Some people think that legislation is needed in order to resolve all of these problems and questions. Others feel that legislation is not needed, that it can all be done by regulation and by executive order. And the testimony of the people who are here this morning is to help this Committee to decide that question.

Thank you.

Senator LEVIN [presiding]. Thank you, Mr. Cardozo.
Mr. Dembling?

Mr. DEMBLING. Thank you, Mr. Chairman.

My name is Paul Dembling. I am presently a partner in the Washington law firm of Schnader, Harrison, Segal & Lewis. During my Government service I served as general counsel of several agencies and first was confronted with the Federal Advisory Committee Act and its operations.

My interest was peaked again when I served as president of the Federal Bar Association and appointed a committee to study and consider the operations of the Federal Advisory Committee Act. This balanced committee made its report and we hope that it contributed to the thinking in connection with the operations of the advisory committee system.

In order to save time, I think I will summarize my statement and hope that the entire one will be inserted in the record.

Senator LEVIN. It will be.

Mr. DEMBLING. As has been pointed out, advisory committees are an important and cost-effective part of the Federal Government. As the Chairman indicated in his opening statement, there are over 20,000 individuals serving as advisors and operating through approximately 1,000 separately organized committees. FACA is an extremely important statute. It provides the structure whereby public officials can balance the need for the Government to obtain advice, and yet obtain that advice in open fashion.

Over the years there have been some uneven spots and I listed some of them: (a) what constitutes an advisory committee; (b) the applicability of the act to subcommittees, task forces, and working groups; (c) the requirement for balanced membership in terms of committee purposes and affected interests; (d) the extent of independence and (e) the manner in which agency support services should be provided to presidential committees.

FACA now permits a great deal of flexibility in interpretation. This has resulted in differences in approaches and operations by various agencies. I believe that the requirement for a central governmental agency consultation on the decision of a Cabinet officer or agency head to create an advisory committee should be eliminated. The Congress reposes a great deal of authority and responsibility in agency heads. The agency head can be held accountable for the action within his or her agency, and consequently, I feel that there is not a need for consultation to establish an advisory committee.

If there is any central Government function, it should be to review the actions taken as a result of the committee's recommendations and to determine the general compliance with the provisions of the act regarding openness of the process, balanced membership, and freedom from undue influence, either by outside interest groups or by particular agencies or officials within the Government.

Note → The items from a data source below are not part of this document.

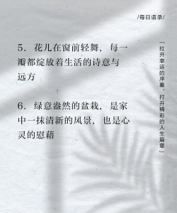 默默养花文案短句伤感 一花一世界,一叶一春秋 花开花落,岁月无声 静默守候,时光流转 花落知秋,心随景远 无声绽放,静待春归 花影摇曳,心绪难平 一寸光阴一寸花,静待花开时 花开花落,岁月如歌 静默中绽放,无声处见花 花
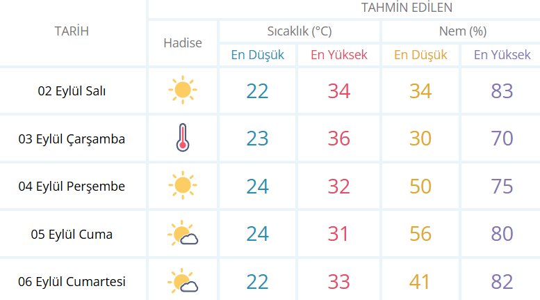 İzmir için 5 günlük genel hava raporu ise şöyle:
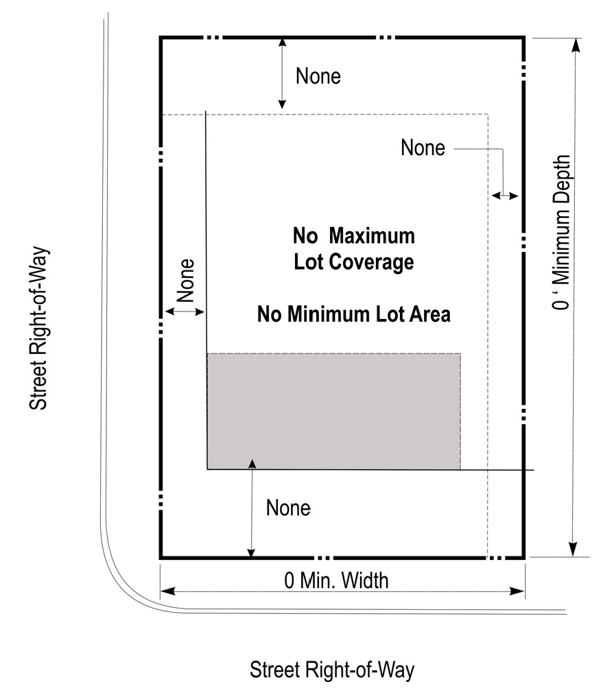 DENSITY, AREA, YARD, HEIGHT, AND LOT COVERAGE REQUIREMENTS: The requirements regulating the minimum lot size, minimum yard size (front, side, and rear), maximum building height (stories and feet), and maximum lot coverage, and minimum floor area, as it pertains to this district, shall conform with the provisions provided in the area requirements table for the CBD zoning district (below).

There is a comprehensive report required by the act at the present time. In some fashion this can be utilized to accomplish the oversight review purpose, in addition to the factual reportorial.

FACA should also provide for agencies to obtain a definitive interpretation of the act from a centralized, recognized source. The Department of Justice has generally occupied this position in the Government but it has not performed this function for FACA.

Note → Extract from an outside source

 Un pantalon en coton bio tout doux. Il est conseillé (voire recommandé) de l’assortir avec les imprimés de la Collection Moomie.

GAO continues to exercise its role where a question of the expenditure of funds is involved. However, there ought to be an authoritative legal interpretative office for the agencies to call on for rulings.

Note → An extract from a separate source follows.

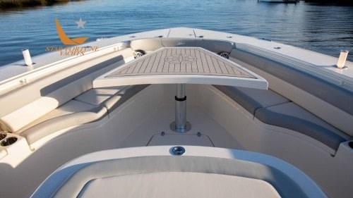 • Compartiments de rangement et trappes éclairés par LED • (8) Taquets affleurants avec montage rétractable • (10) Porte-cannes affleurants en acier inoxydable • (4) Phender Pro - (4) récepteurs et (4) goupilles • Volant Edson en acier inoxydable • Banc d’étrave avec rangement et compartiment de rangement • Boîte de rangement à sec sur la terrasse avant • Compartiments de rangement avant avec rangement et compartiment de rangement avec station de charge • Toit rigide breveté enduit de poudre avec loquet en verre incurvé® • Trappe d’accès au toit rigide • (3) sièges de barre du capitaine et sièges de la deuxième rangée • Salle des systèmes sous le pont arrière • Compartiments à poissons au sol à gauche et à droite avec échappement à membrane par-dessus bord (92 gallons chacun) • Pont arrière complet avec échelle de plongée Armstrong • Plate-forme de bain en teck synthétique, porte arrière, table d’étrave, marchepied de gouvernail et repose-pied de gouvernail • Coque à double marche efficace en fibre de carbone et infusée d’époxy • Zipwakes • Générateur de 8 kW avec réservoir de diesel de 26 gallons • Commutation numérique CZONE • (3) écrans Garmin 8616 avec capacité WIFI • Unité principale Fusion avec capacité Bluetooth - (10) Haut-parleurs JL Audio 7,7 » - (2) Haut-parleurs JL Audio 8,8 » - (2) Amplificateurs MC JL Audio - (1) Caisson de basses JL Audio 10 » • Antenne AM/FM montée sur le toit rigide • Prise 12V, connexion USB • Bobine de cordon d’alimentation à quai Glendinning de 50 pieds 50A • Prise secteur dans le pilier incliné • (1) lumières LED avant et (2) lumières arrière dans le toit rigide • Batteries AGM pour les services et les moteurs • Climatisation de 12 000 BTU • Surface de cuisson en vitrocéramique à un brûleur • Micro-ondes • Téléviseur LED 32 pouces avec haut-parleurs • Réfrigérateur à tiroirs • Évier de cuisine • Espace douche fermé • Espace avec Toilette pleine grandeur et évier chaud/froid • Hublot sur les côtés gauche et droit avec rideau d’intimité • Coin salon avec couchette convertible • Éclairage LED • Réservoir de vidange de 18 gallons avec drain par-dessus bord • Réservoir de carburant de 545 gallons • Tuyau de lavage du treuil d’ancre d’étrave • Treuil Lewmar avec commande de barre et commutateurs au pied d’étrave • Ancre, Chaîne (40 pieds) et ligne (300 pieds) en acier inoxydable Lewmar • Caméra d’ancre d’étrave • Table d’étrave électronique avec remplissage de coussin • Chauffe-eau • Essuie-glace et lavage à l’eau douce (66 gallons) • Tuyaux d’eau douce et d’eau brute rétractables dans le toit rigide • Feux de navigation • Boussole magnétique Richie • Klaxon • Éclairage de vanité à LED avec gradation • Sièges de barre chauffants à l’avant et aux sièges de la deuxième rangée • Système de stabilisateur gyroscopique Seakeeper 4.5 • Siège arrière rabattable avec baquet à appâts fendus et porte de passage sur le tableau arrière • - Réfrigérateur à tiroirs en fibre de verre à commande électrique • Cuisine d’été avec gril, évier et planche à découper • Tabourets de bar pivotants • Plate-forme hydraulique standard sur le côté

There is a need for greater clarity in the act's provision that an assigned agency will provide support services to a Presidential advisory committee-those with a charge to advise the President.

Specific duties to be exercised by an agency with responsibility to provide support services to a committee assigned to it has been ambiguous and it appears that the Congress may wish to speak to this matter. The question to be addressed is whether the support services should be ministerial or should have a control function in that activity.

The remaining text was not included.